Exercise directions: Return only the lines from the top of the data down to the one that holds "A stunning blue", both included, without any pictures.
═══ Data block ═══
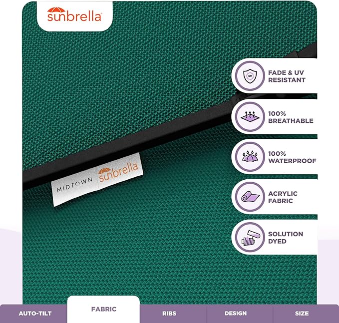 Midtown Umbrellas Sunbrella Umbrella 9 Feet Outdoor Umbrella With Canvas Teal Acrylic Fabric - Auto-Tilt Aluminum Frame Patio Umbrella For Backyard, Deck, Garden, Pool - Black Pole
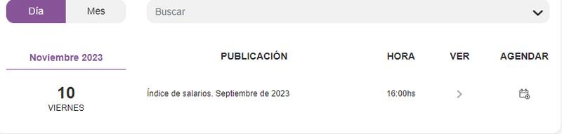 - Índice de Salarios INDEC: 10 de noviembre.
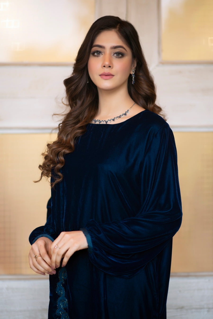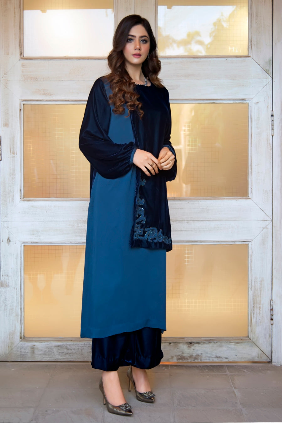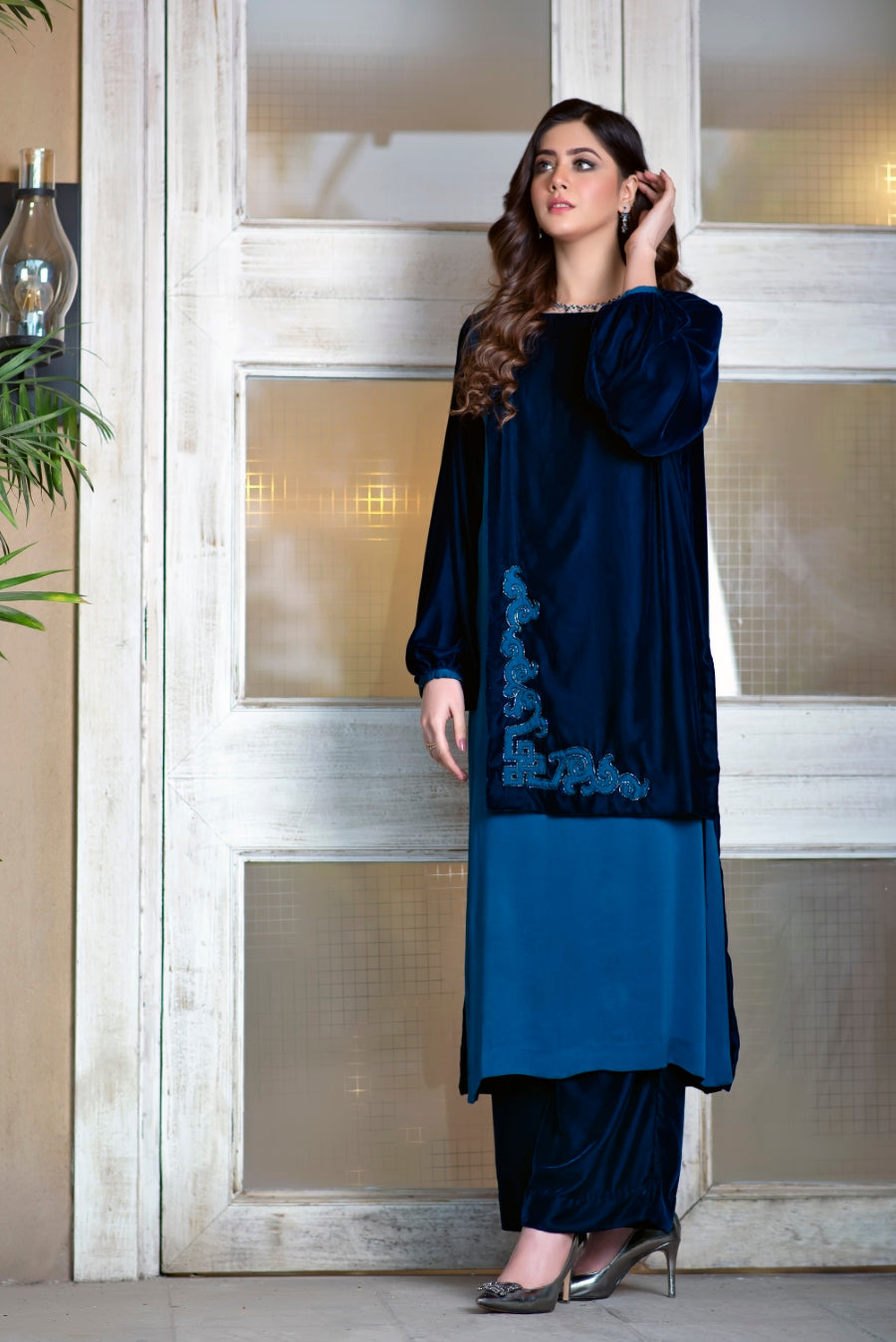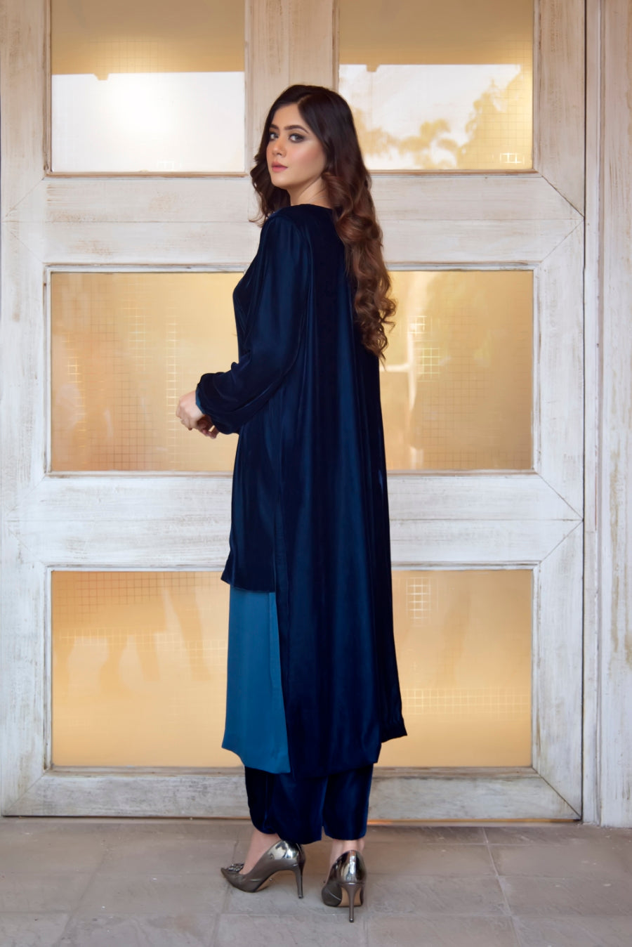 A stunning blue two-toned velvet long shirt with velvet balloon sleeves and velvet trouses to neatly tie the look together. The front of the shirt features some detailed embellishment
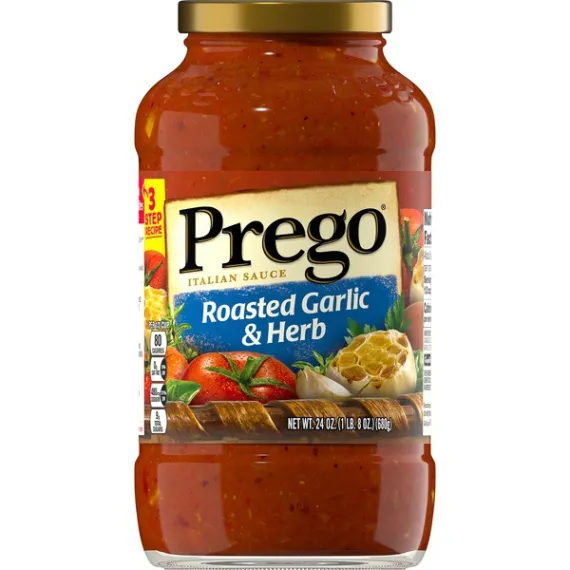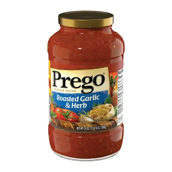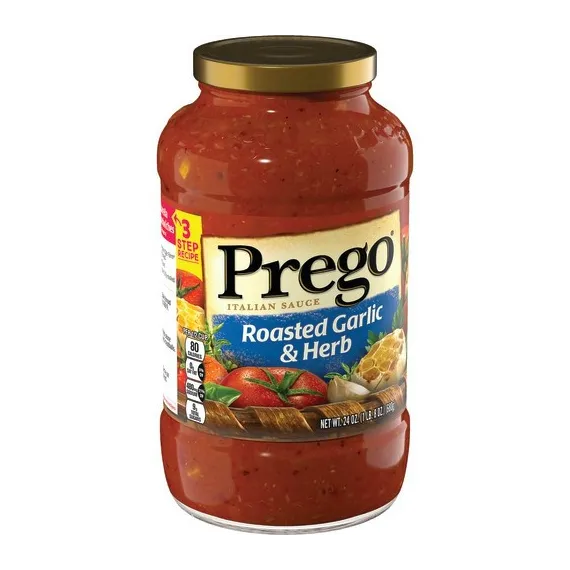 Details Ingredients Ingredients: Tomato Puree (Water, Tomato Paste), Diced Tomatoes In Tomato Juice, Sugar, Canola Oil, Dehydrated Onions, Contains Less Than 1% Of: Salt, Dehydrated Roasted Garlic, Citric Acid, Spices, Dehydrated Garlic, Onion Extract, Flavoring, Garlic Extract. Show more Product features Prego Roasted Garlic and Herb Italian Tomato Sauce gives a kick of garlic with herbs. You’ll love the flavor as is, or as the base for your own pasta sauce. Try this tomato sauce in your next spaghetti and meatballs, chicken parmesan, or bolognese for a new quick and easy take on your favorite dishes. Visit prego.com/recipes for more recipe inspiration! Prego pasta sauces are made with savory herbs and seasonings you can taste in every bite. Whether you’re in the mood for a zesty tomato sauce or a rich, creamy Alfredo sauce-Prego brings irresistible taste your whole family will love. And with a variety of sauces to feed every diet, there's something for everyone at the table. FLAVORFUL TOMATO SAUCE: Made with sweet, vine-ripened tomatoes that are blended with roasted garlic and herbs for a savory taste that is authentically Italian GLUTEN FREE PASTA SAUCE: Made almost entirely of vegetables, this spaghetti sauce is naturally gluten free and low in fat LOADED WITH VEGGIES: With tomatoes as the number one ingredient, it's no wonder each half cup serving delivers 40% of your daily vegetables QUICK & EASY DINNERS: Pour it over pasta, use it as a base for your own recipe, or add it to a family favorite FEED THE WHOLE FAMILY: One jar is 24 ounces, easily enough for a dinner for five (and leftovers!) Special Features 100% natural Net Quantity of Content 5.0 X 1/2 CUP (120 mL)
═══
Solution for this task:
 Midtown Umbrellas Sunbrella Umbrella 9 Feet Outdoor Umbrella With Canvas Teal Acrylic Fabric - Auto-Tilt Aluminum Frame Patio Umbrella For Backyard, Deck, Garden, Pool - Black Pole
 - Índice de Salarios INDEC: 10 de noviembre.
 A stunning blue two-toned velvet long shirt with velvet balloon sleeves and velvet trouses to neatly tie the look together. The front of the shirt features some detailed embellishment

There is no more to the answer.